* _Your task_
Restate, exactly as written, the entries below from the line that holds "РГД, строительная компания" through the line that holds "코로나19예방접종 사전예약 해당기간 내에 대상자가 아닙니다". Pictures are not part of the copy.

* _Material for the task_
——————————

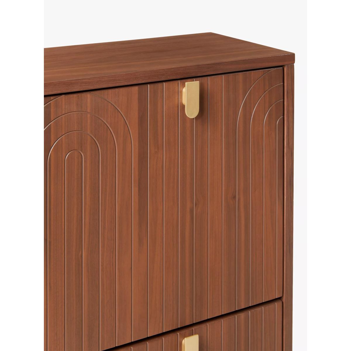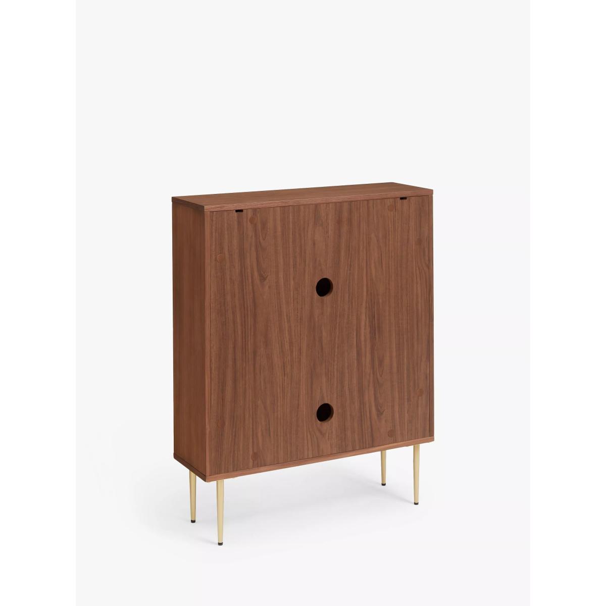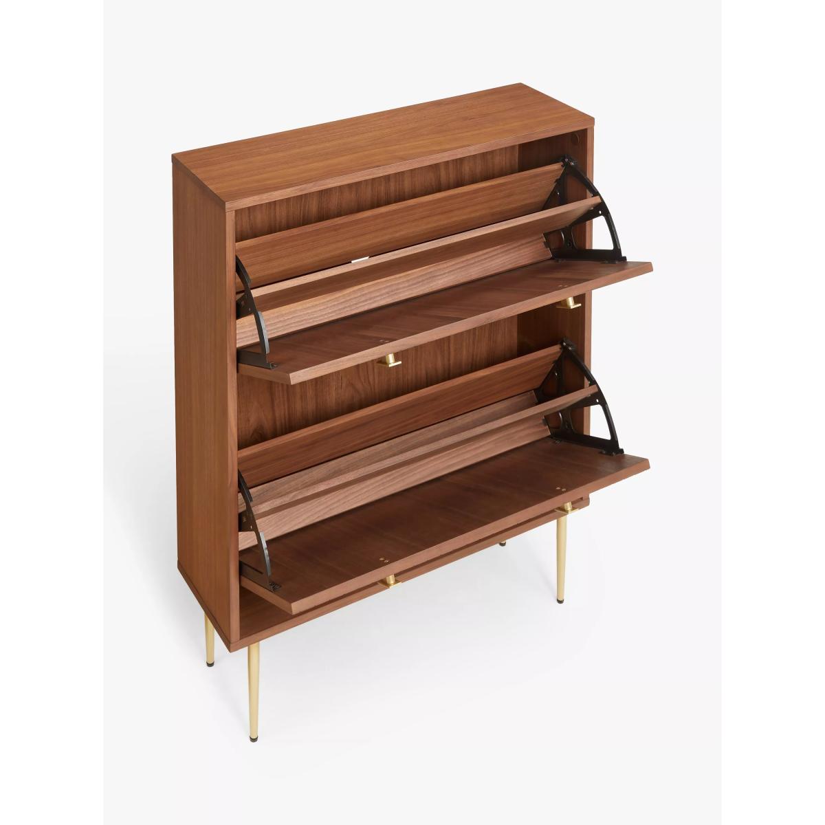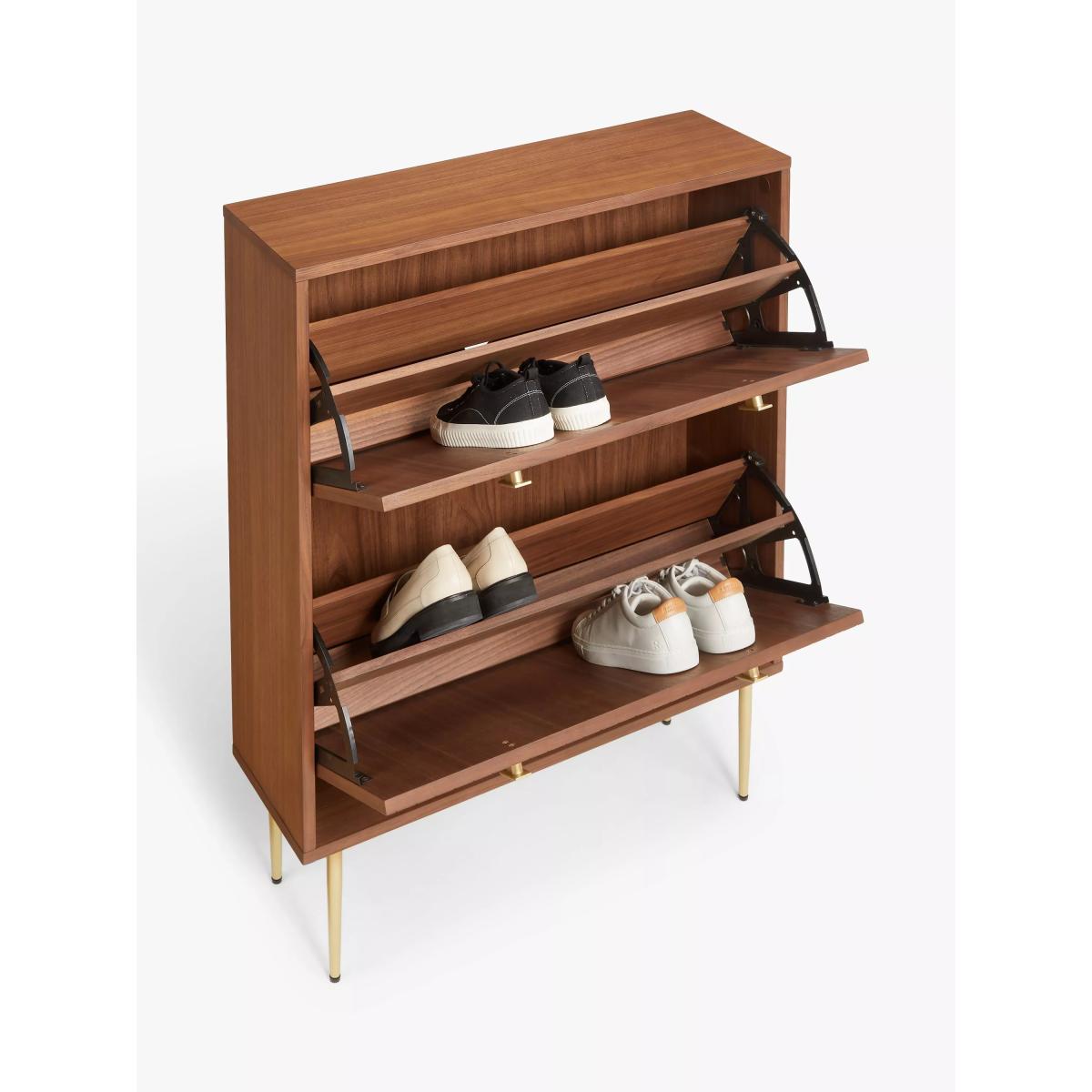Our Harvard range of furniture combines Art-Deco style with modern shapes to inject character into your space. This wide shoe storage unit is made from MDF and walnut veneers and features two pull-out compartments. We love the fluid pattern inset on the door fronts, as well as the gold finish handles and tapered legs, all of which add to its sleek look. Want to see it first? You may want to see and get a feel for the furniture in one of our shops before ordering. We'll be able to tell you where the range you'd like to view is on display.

——————————

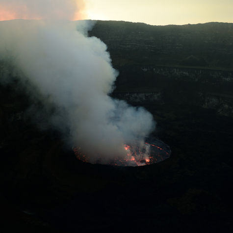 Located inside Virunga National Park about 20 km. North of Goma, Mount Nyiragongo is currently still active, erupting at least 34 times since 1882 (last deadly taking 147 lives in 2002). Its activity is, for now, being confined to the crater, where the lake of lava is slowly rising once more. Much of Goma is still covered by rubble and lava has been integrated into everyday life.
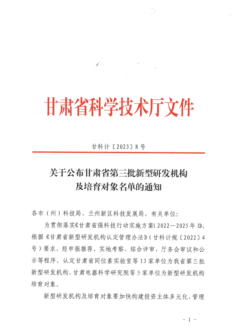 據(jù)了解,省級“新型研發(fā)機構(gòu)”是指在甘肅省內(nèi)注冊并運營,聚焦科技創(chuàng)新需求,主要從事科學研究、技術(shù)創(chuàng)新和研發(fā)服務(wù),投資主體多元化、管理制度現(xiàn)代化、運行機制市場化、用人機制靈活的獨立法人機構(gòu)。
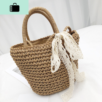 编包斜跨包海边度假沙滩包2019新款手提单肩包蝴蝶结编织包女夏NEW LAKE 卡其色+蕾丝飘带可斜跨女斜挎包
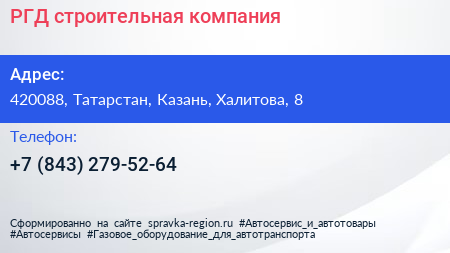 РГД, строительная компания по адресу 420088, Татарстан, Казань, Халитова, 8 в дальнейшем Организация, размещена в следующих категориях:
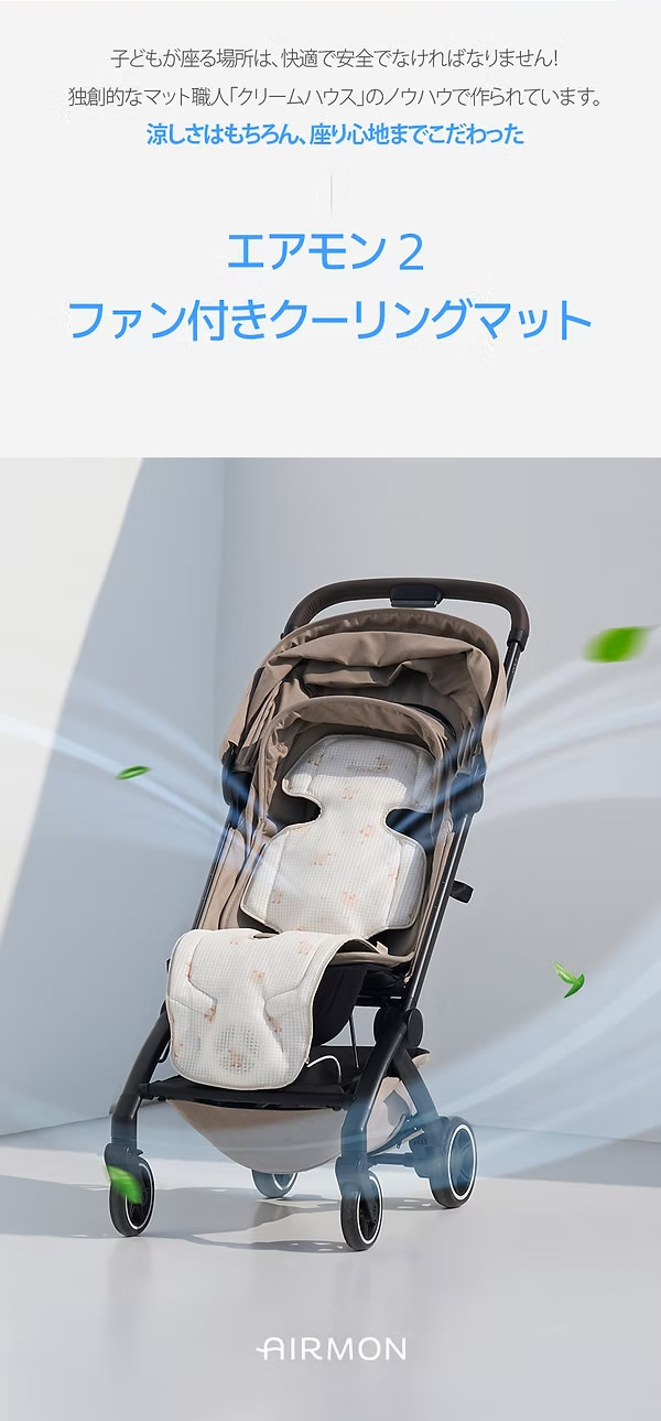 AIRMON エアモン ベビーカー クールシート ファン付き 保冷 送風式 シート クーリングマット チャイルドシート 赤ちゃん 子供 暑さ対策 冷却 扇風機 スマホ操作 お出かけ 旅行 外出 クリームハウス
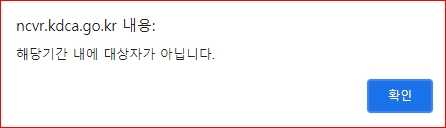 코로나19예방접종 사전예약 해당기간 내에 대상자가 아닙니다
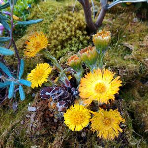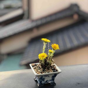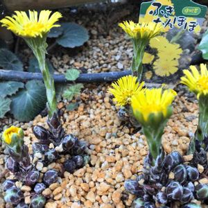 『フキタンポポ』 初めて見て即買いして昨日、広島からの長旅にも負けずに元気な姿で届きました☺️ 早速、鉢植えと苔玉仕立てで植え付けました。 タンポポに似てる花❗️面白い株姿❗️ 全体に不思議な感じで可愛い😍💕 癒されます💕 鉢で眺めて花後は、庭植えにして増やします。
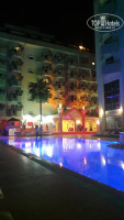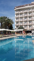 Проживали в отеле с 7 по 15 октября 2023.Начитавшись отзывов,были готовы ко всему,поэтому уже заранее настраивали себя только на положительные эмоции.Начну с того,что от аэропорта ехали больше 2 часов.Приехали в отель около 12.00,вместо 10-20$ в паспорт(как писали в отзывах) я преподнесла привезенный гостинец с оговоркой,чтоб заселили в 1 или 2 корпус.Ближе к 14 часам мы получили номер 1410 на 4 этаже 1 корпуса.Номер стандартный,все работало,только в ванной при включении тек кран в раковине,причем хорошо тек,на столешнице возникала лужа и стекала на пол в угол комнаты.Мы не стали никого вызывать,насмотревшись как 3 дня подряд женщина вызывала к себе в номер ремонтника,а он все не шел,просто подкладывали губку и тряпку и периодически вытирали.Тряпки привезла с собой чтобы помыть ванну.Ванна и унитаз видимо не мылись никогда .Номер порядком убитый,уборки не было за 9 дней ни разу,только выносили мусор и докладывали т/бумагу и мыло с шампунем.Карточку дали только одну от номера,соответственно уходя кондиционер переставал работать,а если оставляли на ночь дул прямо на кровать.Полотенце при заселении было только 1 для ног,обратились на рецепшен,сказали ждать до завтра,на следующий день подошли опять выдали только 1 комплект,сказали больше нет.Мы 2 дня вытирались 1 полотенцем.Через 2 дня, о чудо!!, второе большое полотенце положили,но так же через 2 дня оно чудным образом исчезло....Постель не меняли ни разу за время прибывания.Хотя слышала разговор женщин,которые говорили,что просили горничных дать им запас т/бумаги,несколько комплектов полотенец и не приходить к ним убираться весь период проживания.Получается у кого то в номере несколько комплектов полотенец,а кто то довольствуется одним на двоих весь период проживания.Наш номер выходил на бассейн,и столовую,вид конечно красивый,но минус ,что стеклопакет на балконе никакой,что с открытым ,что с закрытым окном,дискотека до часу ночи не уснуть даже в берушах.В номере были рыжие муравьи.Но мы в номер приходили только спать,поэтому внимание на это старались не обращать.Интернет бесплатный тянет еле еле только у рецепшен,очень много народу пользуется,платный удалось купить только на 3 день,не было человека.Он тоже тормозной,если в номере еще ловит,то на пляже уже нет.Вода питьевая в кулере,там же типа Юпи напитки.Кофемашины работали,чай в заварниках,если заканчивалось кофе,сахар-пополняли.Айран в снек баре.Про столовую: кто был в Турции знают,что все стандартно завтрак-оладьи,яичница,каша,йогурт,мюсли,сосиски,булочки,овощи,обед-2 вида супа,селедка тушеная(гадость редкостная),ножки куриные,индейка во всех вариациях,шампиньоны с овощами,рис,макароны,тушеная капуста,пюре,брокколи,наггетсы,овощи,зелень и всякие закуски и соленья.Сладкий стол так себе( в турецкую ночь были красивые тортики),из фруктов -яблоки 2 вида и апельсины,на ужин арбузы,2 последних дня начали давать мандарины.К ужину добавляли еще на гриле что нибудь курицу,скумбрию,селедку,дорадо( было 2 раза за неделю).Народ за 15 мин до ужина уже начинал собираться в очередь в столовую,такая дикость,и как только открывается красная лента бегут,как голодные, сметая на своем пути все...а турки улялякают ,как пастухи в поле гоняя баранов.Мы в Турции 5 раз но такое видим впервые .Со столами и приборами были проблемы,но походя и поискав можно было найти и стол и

——————————

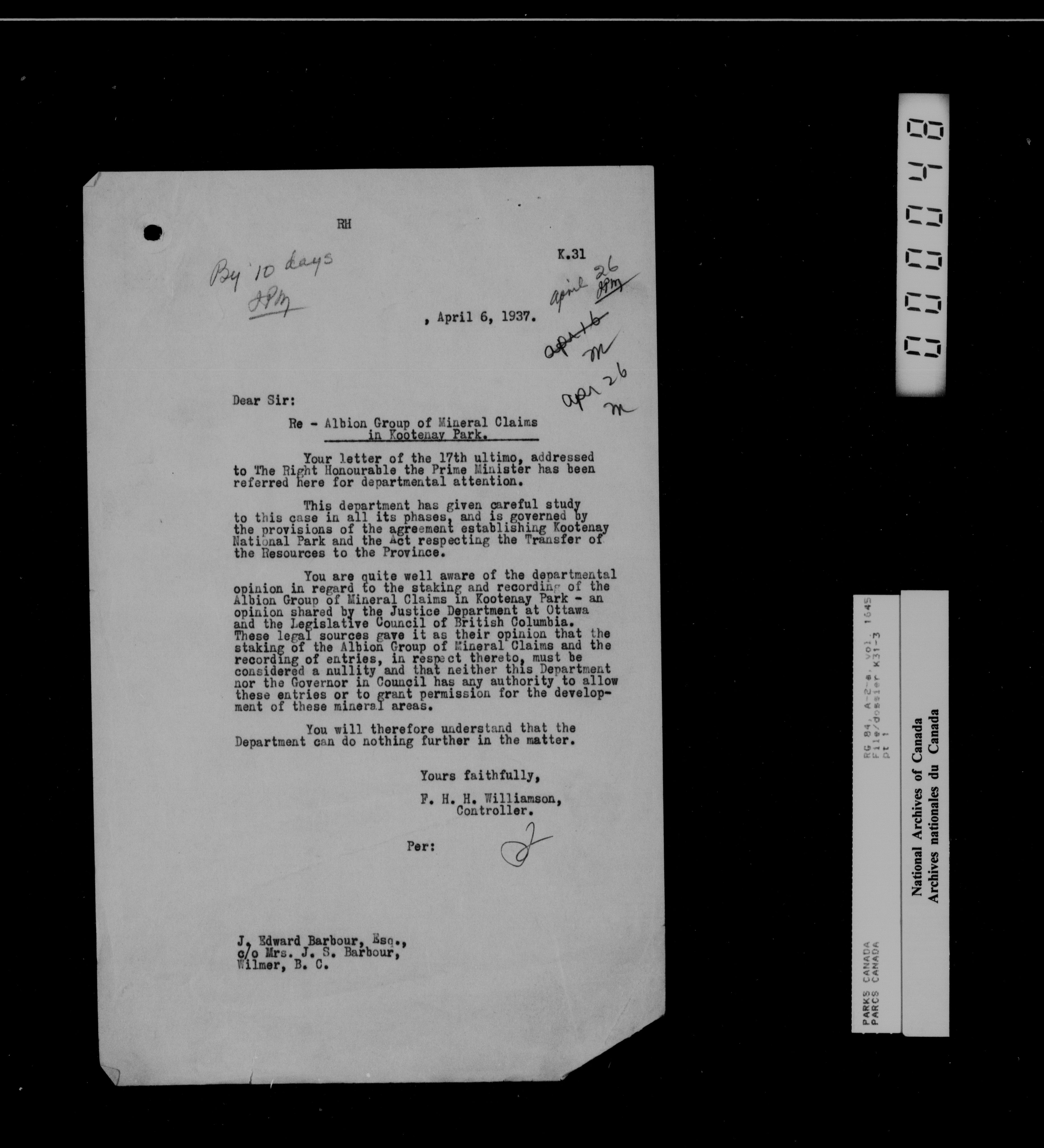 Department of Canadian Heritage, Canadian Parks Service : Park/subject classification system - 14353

——————————

* _Result for this task_
 РГД, строительная компания по адресу 420088, Татарстан, Казань, Халитова, 8 в дальнейшем Организация, размещена в следующих категориях:
 AIRMON エアモン ベビーカー クールシート ファン付き 保冷 送風式 シート クーリングマット チャイルドシート 赤ちゃん 子供 暑さ対策 冷却 扇風機 スマホ操作 お出かけ 旅行 外出 クリームハウス
 코로나19예방접종 사전예약 해당기간 내에 대상자가 아닙니다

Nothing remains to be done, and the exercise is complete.